(Extracted data entries)
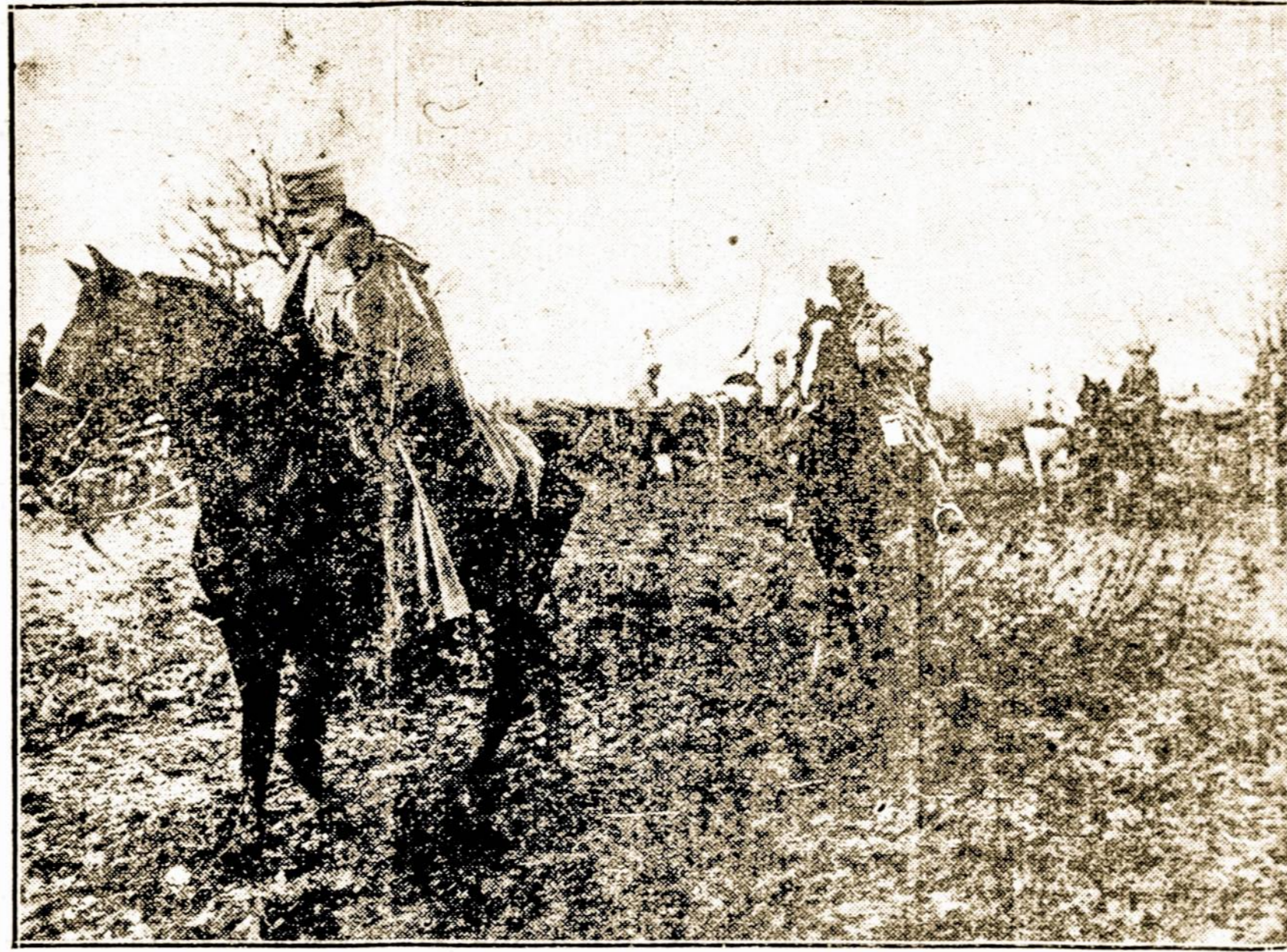
Austrų raiteliai, lydintįs transportus per Galiciją.
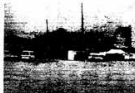
麓々と工事が進む春日野小学校
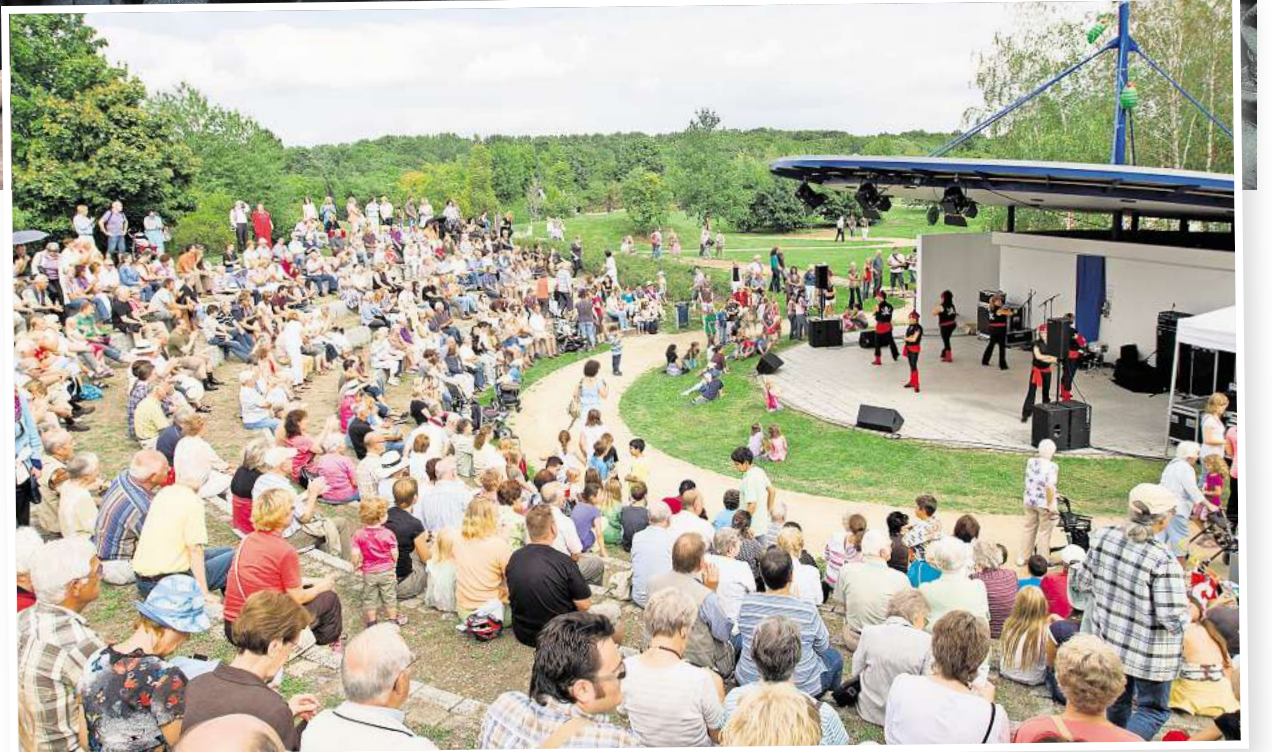
Fest der Sinne: Ein buntes Programm zum Mitmachen, Entdecken und Genießen.
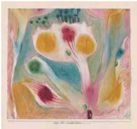
Flor tropical, 1920

Paul Klee convirtió muy pronto las leyes de la naturaleza en el fundamento de su quehacer artístico. Mientras que en las clases la naturaleza sirve como ejemplo ilustrativo de una configuración viva, en su actividad creadora le interesa también como motivo. Fascinado por la visión a través del microscopio crea cuadros con formas de tipo celular o tematiza incluso
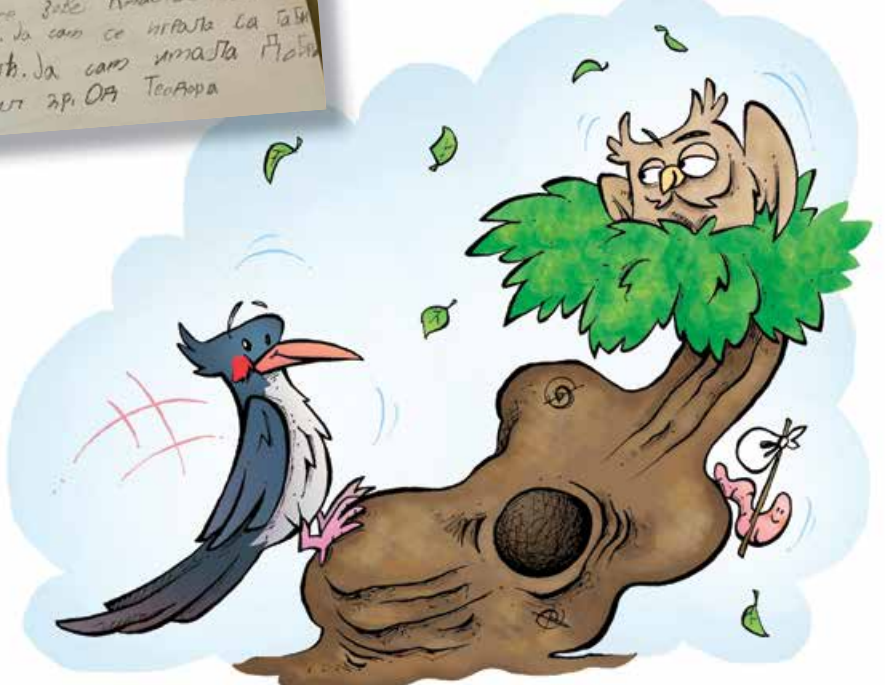
Аутор: Никола Драгаш
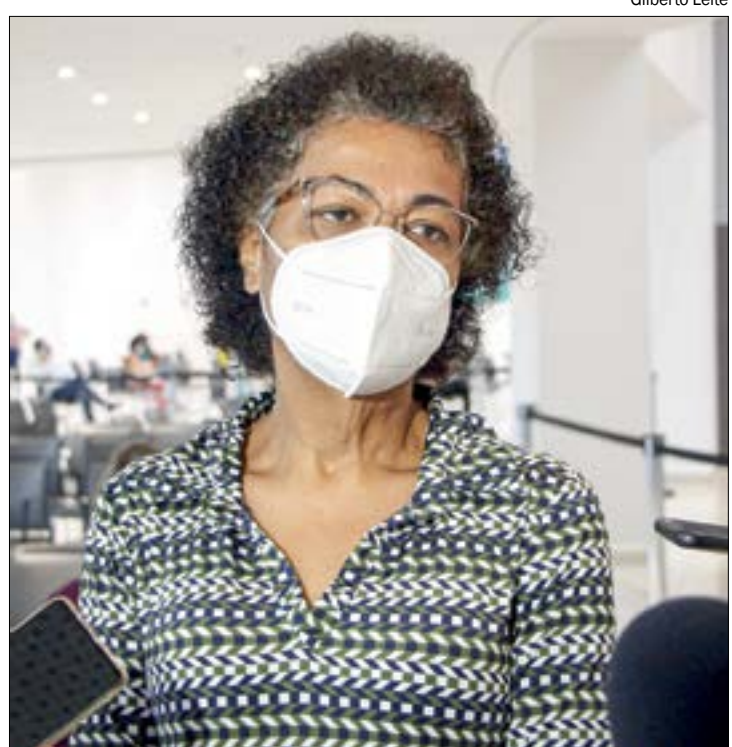
Ozenira revela preocupação com circulação de pessoas para os jogos da Copa América
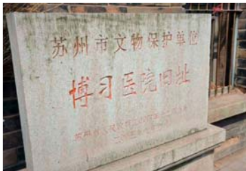
博習医院旧址(蘇州市)

旅行参加者の募集に合わせて、「旅行企画説明会」を大阪、東京で各1回開催いたしますので、お問い合わせの上、ご参加をお待ちしております。
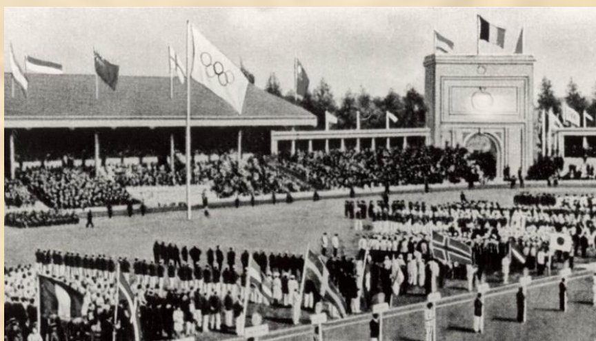
Вперше в історії олімпійського спорту на церемонії відкриття Ігор VII Олімпіади над стадіоном було піднято олімпійський прапор з п'ятьма кільцями

Task instructions>
Please set down the lines above word for word and leave out the pictures.

Your response>
Austrų raiteliai, lydintįs transportus per Galiciją.
麓々と工事が進む春日野小学校
Fest der Sinne: Ein buntes Programm zum Mitmachen, Entdecken und Genießen.
Flor tropical, 1920

Paul Klee convirtió muy pronto las leyes de la naturaleza en el fundamento de su quehacer artístico. Mientras que en las clases la naturaleza sirve como ejemplo ilustrativo de una configuración viva, en su actividad creadora le interesa también como motivo. Fascinado por la visión a través del microscopio crea cuadros con formas de tipo celular o tematiza incluso
Аутор: Никола Драгаш
Ozenira revela preocupação com circulação de pessoas para os jogos da Copa América
博習医院旧址(蘇州市)

旅行参加者の募集に合わせて、「旅行企画説明会」を大阪、東京で各1回開催いたしますので、お問い合わせの上、ご参加をお待ちしております。
Вперше в історії олімпійського спорту на церемонії відкриття Ігор VII Олімпіади над стадіоном було піднято олімпійський прапор з п'ятьма кільцями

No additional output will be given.